Under this line are the records; repeat exactly the lines starting at the one containing "3.3. Spectroscopic Measurements" and ending at the one containing "The Irish Times", omitting pictures.

→ **Entries provided**
##############################
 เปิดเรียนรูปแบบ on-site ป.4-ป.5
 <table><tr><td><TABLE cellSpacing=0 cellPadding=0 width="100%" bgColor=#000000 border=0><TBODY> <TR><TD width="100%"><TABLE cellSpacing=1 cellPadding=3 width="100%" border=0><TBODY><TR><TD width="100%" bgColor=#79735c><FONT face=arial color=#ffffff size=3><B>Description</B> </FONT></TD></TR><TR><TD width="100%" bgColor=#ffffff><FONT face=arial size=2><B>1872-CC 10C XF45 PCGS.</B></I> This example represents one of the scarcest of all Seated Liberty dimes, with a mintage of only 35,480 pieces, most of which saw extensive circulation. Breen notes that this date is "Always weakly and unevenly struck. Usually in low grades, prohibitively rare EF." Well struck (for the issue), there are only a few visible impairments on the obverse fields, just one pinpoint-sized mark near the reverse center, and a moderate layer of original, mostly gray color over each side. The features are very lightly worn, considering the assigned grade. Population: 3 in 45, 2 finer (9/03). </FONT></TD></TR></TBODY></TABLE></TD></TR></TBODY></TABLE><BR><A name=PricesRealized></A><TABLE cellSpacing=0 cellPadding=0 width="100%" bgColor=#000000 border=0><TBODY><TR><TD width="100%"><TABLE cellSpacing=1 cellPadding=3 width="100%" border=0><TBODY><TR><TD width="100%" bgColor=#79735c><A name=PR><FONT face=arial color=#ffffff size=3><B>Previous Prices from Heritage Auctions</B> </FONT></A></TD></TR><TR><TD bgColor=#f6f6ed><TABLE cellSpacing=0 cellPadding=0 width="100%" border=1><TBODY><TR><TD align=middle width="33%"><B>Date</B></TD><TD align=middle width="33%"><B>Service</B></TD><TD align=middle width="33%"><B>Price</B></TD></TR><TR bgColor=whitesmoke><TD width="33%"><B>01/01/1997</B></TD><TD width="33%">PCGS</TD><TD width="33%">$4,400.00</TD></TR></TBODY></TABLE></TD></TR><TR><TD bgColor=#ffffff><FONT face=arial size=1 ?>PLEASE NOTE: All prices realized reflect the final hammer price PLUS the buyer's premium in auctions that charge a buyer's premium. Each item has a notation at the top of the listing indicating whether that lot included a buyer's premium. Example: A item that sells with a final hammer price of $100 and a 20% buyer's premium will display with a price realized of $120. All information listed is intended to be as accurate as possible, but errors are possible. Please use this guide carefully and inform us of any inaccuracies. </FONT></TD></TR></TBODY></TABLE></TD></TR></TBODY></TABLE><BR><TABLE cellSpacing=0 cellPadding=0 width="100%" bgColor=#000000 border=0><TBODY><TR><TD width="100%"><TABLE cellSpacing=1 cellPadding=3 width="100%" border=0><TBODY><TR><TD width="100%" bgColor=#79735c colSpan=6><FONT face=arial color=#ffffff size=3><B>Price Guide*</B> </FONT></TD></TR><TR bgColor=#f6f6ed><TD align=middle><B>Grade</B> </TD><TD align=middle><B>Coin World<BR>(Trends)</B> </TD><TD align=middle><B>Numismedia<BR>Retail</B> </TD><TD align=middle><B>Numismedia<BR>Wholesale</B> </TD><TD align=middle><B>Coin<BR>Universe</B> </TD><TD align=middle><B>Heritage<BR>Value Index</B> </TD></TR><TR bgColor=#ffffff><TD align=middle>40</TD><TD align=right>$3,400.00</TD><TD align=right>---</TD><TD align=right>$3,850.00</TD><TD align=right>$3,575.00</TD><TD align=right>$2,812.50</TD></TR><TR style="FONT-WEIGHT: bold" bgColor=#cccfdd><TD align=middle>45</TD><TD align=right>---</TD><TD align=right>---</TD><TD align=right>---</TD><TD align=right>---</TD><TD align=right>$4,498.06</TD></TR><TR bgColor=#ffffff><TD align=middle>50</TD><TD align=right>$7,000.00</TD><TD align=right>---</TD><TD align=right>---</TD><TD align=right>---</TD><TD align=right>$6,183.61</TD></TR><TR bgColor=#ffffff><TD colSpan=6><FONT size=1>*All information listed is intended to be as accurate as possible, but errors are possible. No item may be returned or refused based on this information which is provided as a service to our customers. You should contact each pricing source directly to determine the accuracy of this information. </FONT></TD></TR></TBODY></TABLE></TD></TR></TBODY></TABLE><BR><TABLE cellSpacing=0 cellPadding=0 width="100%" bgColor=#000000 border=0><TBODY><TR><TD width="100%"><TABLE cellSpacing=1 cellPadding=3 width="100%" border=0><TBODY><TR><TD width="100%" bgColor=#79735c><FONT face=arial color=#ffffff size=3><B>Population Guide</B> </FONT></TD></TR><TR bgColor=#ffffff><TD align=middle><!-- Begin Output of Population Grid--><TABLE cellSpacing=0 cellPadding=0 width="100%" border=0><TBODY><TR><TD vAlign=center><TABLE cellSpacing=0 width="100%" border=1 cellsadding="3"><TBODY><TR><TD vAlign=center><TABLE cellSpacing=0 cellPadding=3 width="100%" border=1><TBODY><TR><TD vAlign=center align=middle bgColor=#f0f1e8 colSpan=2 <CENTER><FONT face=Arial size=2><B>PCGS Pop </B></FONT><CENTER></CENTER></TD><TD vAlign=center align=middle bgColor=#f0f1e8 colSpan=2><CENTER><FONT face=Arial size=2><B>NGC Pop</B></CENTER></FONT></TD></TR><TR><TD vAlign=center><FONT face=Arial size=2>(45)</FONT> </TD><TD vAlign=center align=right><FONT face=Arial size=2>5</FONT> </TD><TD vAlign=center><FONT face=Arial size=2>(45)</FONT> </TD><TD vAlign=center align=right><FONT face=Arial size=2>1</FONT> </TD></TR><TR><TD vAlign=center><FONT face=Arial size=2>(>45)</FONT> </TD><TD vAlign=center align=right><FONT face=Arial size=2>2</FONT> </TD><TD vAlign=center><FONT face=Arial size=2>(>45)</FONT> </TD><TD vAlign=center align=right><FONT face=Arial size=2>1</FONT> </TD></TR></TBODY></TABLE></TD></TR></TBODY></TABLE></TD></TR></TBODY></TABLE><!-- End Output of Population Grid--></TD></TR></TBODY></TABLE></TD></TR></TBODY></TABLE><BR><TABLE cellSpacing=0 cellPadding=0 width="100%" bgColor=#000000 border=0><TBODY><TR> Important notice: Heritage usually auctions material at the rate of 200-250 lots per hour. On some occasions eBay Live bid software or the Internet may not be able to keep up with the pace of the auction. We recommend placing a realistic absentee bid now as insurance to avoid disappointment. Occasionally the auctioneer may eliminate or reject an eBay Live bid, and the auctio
##############################
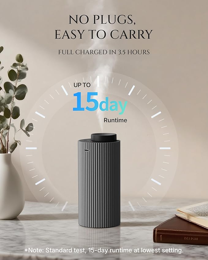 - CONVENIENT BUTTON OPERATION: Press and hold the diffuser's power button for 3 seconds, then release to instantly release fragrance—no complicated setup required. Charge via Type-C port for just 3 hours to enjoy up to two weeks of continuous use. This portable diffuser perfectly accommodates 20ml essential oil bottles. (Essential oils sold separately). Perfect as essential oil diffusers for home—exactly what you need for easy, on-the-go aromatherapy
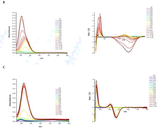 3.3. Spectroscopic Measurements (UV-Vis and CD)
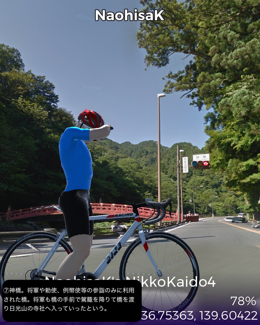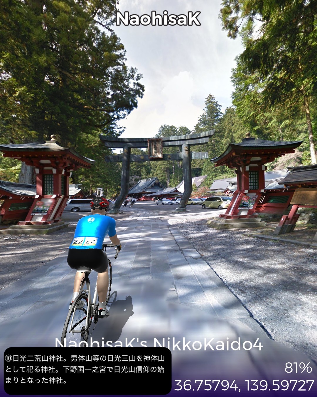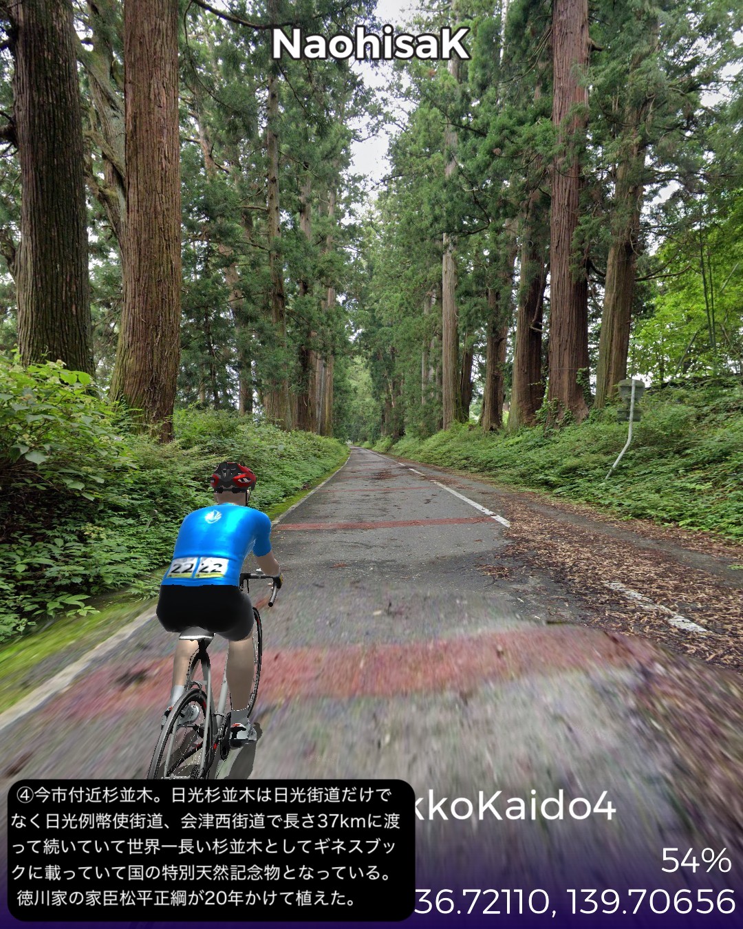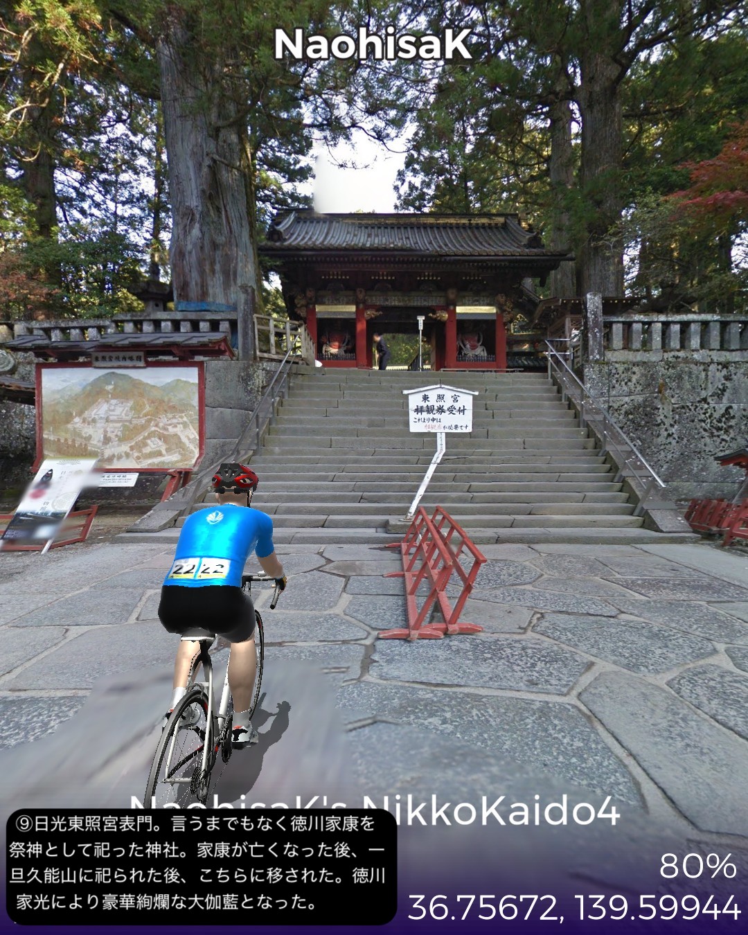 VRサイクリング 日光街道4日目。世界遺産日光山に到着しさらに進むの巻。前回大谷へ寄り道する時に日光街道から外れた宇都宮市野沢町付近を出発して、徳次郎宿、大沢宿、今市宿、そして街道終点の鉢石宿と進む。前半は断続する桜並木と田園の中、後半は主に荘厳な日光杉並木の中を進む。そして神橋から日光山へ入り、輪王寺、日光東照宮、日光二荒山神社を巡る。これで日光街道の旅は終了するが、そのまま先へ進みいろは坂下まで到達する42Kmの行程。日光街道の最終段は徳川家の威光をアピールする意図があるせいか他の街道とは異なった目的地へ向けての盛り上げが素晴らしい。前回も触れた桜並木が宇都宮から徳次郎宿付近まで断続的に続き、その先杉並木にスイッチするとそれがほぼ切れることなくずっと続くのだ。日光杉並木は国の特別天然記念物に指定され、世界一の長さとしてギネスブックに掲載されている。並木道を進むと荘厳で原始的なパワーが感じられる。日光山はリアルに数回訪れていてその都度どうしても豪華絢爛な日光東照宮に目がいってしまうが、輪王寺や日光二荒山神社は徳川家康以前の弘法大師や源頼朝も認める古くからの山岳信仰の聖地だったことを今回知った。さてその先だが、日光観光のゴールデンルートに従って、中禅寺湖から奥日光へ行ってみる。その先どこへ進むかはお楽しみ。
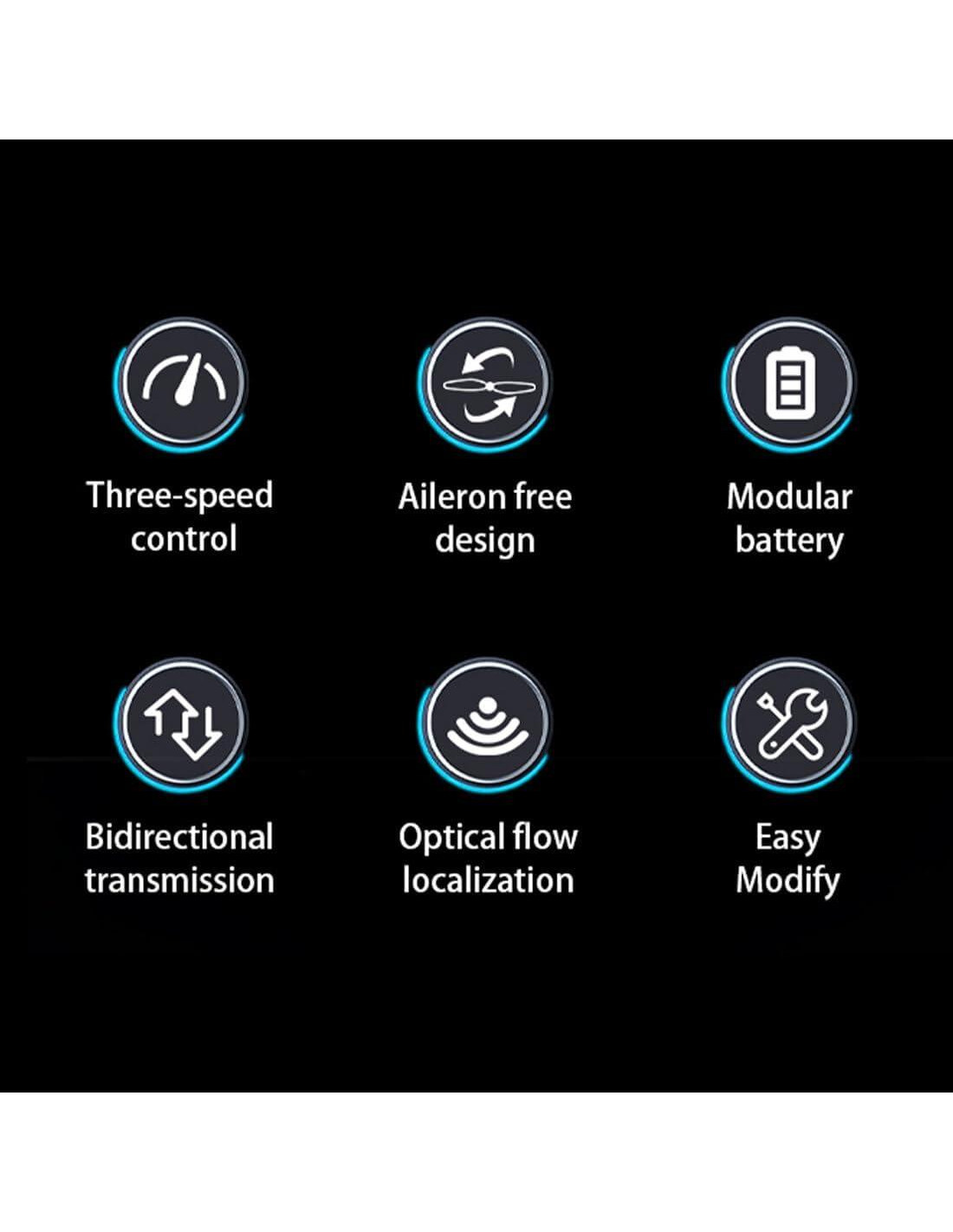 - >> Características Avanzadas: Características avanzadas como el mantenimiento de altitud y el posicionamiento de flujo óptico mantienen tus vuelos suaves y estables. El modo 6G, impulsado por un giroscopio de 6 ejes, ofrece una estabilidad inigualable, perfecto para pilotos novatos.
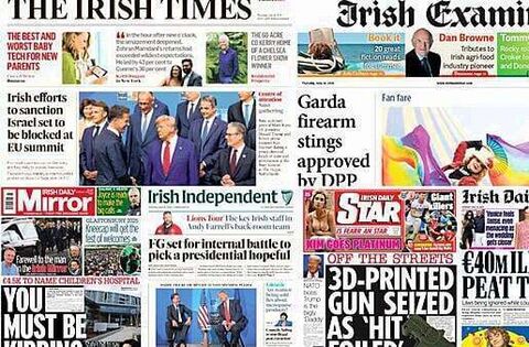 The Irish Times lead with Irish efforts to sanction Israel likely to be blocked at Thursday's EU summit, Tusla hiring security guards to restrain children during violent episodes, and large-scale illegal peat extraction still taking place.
##############################
→ **Task result**
 3.3. Spectroscopic Measurements (UV-Vis and CD)
 VRサイクリング 日光街道4日目。世界遺産日光山に到着しさらに進むの巻。前回大谷へ寄り道する時に日光街道から外れた宇都宮市野沢町付近を出発して、徳次郎宿、大沢宿、今市宿、そして街道終点の鉢石宿と進む。前半は断続する桜並木と田園の中、後半は主に荘厳な日光杉並木の中を進む。そして神橋から日光山へ入り、輪王寺、日光東照宮、日光二荒山神社を巡る。これで日光街道の旅は終了するが、そのまま先へ進みいろは坂下まで到達する42Kmの行程。日光街道の最終段は徳川家の威光をアピールする意図があるせいか他の街道とは異なった目的地へ向けての盛り上げが素晴らしい。前回も触れた桜並木が宇都宮から徳次郎宿付近まで断続的に続き、その先杉並木にスイッチするとそれがほぼ切れることなくずっと続くのだ。日光杉並木は国の特別天然記念物に指定され、世界一の長さとしてギネスブックに掲載されている。並木道を進むと荘厳で原始的なパワーが感じられる。日光山はリアルに数回訪れていてその都度どうしても豪華絢爛な日光東照宮に目がいってしまうが、輪王寺や日光二荒山神社は徳川家康以前の弘法大師や源頼朝も認める古くからの山岳信仰の聖地だったことを今回知った。さてその先だが、日光観光のゴールデンルートに従って、中禅寺湖から奥日光へ行ってみる。その先どこへ進むかはお楽しみ。
 - >> Características Avanzadas: Características avanzadas como el mantenimiento de altitud y el posicionamiento de flujo óptico mantienen tus vuelos suaves y estables. El modo 6G, impulsado por un giroscopio de 6 ejes, ofrece una estabilidad inigualable, perfecto para pilotos novatos.
 The Irish Times lead with Irish efforts to sanction Israel likely to be blocked at Thursday's EU summit, Tusla hiring security guards to restrain children during violent episodes, and large-scale illegal peat extraction still taking place.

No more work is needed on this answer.